In the first simulation, students are broken into groups of eight, with four portraying main characters from the show and the others random residents of Pawnee, all of whom serve on a concessions committee. Detailed information on the economic benefit of contracting the concession stands to an outside source is provided beforehand. During the actual simulation, students discover that only one bid has been received, from local company Sweetums. After twenty minutes of discussion, it is further revealed that Sweetums has been lying about the health benefits of their “Nutri-Yum” bars, adding to the ongoing debate.
The second simulation operates in a similar fashion, with deputy director Leslie Knope inviting local residents to a meeting on the potential closing of one of the city’s parks. Before class, students watch the first two episodes of Parks and Recreation – in which Knope likewise officiated over public meetings – and then critique those meetings as one of the residents in attendance. They then portray the same character during the simulation meeting.
In the third simulation, students take the role of an outside ethics consultant, watch episodes of Parks and Recreation as homework, and then write a memo about the ethical culture of Pawnee’s Parks and Recreation Department as well as suggestions on how to improve it.

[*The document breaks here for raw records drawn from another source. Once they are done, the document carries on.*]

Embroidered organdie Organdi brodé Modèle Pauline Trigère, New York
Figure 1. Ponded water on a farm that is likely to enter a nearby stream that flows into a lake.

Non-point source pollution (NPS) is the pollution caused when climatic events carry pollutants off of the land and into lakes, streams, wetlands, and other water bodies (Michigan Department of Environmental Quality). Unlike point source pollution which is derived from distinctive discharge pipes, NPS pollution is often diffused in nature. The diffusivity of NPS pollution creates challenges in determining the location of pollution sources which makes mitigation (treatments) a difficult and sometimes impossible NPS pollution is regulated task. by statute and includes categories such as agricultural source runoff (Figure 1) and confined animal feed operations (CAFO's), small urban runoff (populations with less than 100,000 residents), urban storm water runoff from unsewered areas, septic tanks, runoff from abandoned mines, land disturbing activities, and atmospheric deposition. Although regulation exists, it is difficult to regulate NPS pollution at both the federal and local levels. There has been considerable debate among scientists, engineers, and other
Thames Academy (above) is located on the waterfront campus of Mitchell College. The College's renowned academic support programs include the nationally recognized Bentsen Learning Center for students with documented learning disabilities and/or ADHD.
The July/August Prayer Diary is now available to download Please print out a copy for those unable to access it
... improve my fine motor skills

While specific television shows and episodes work well in the public administration classroom, films are another matter. “Because of the time commitment a movie requires, most of the movie should be relevant to the course content,” Erin Borry and Peter Jones write. “That is, most of the movie’s themes and plot ideally should connect to concepts you are trying to reinforce. Otherwise, the time spent watching the movie many not be proportionate to the benefits the movie has for the class, and irrelevant scenes may distract from the ones related to the course.”
Even if a film is an ideal fit in a particular classroom, Teaching Public Administration with Pop Culture suggests that it be used for assignments that likewise require a greater time commitment. Erin Borry, for instance, assigns the Ben Afflick film Argo for a final paper in her transparency course. The movie is based on real world efforts by the CIA to rescue six Americans trapped in in Iran during the late 1970s by using a fake movie production company as a cover.

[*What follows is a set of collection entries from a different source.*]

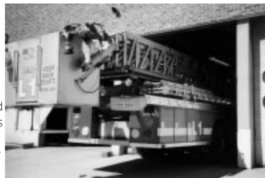
The current facility is too small to accommodate some of the Township's public safety vehicles.

"The building is at the end of its useful life." "The existing fire alarm system is inadequate and has little value." "The roof ... will likely fail soon..."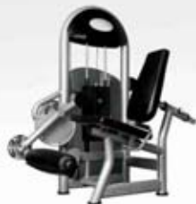
LH-C85 Leg Extension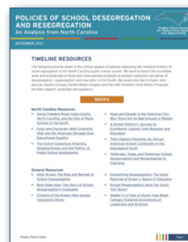
NC School Desegregation & Resegregation Timeline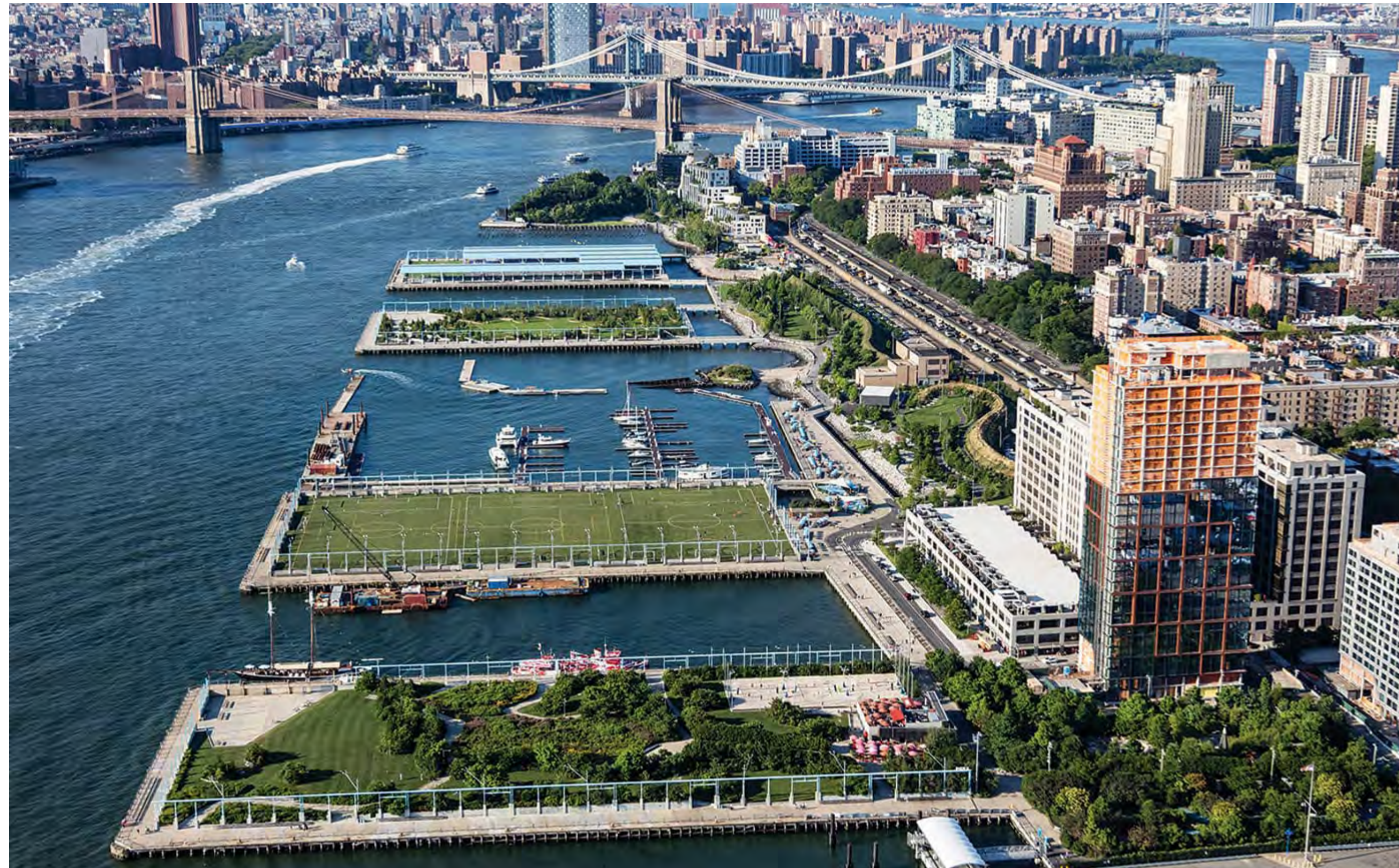
Brooklyn Bridge Park, NYC - wide-ranging community leisure and recreation provision across an extensive waterfront site, now a major local destination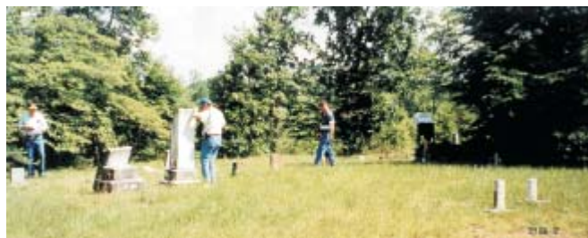
Dedmon Cemetery in Catoosa, County, GA.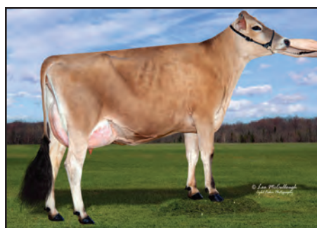
Ahlem Topeka Maid 40257-ET, VG-86% Sold in 2013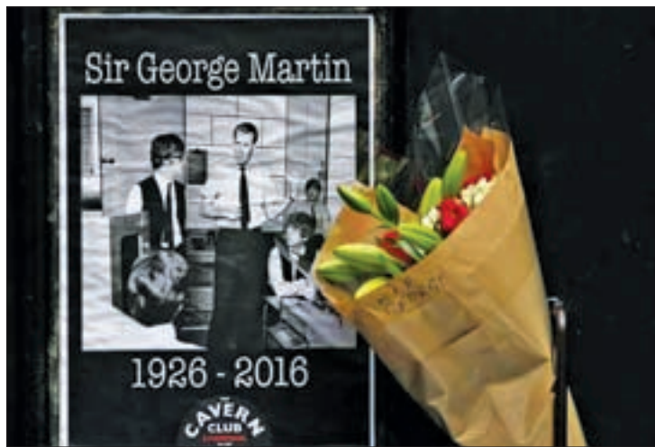
A floral tribute in memory of music producer George Martin is left outside the Cavern Club in Liverpool, Britain, on 9 March.

“Given the focus on secrecy and national security, (Argo) raises questions about how to balance those values with transparency,” Borry explains. “The events portrayed in the movie, too, as we now know about them, are an example of retrospective transparence, which is transparency after the fact, as opposed to real-time transparency, which occurs as it happens.”
In Borry’s class, students are tasked with writing a three-page paper exploring the lack of real-time transparency in Argo due to national security concerns and then explain why they either agree or disagree that it was necessary. Students are expected to cite relevant theories and concepts discussed during the course as part of their argument, along with elements from the film.
Erin Borry and Peter Jones define pop culture in broad terms, and in addition to television and film, Teaching Public Administration with Pop Culture contains chapters on documentaries and docuseries, podcasts, and social media. Regardless of the medium, however, the results are inevitably the same.
“By linking what we teach in the classroom with the pop culture that we and our students consume, we found that students were better able to understand what theories look like in practice,” Borry and Jones write in Teaching Public Administration with Pop Culture. “They also seemed better prepared to offer critique and think critically about those theories in practice, perhaps because they were more connected with – and therefore more invested in – the examples we were using. Of course, pop culture also made it fun and exciting.”
Sounds like a win-win situation for everyone involved.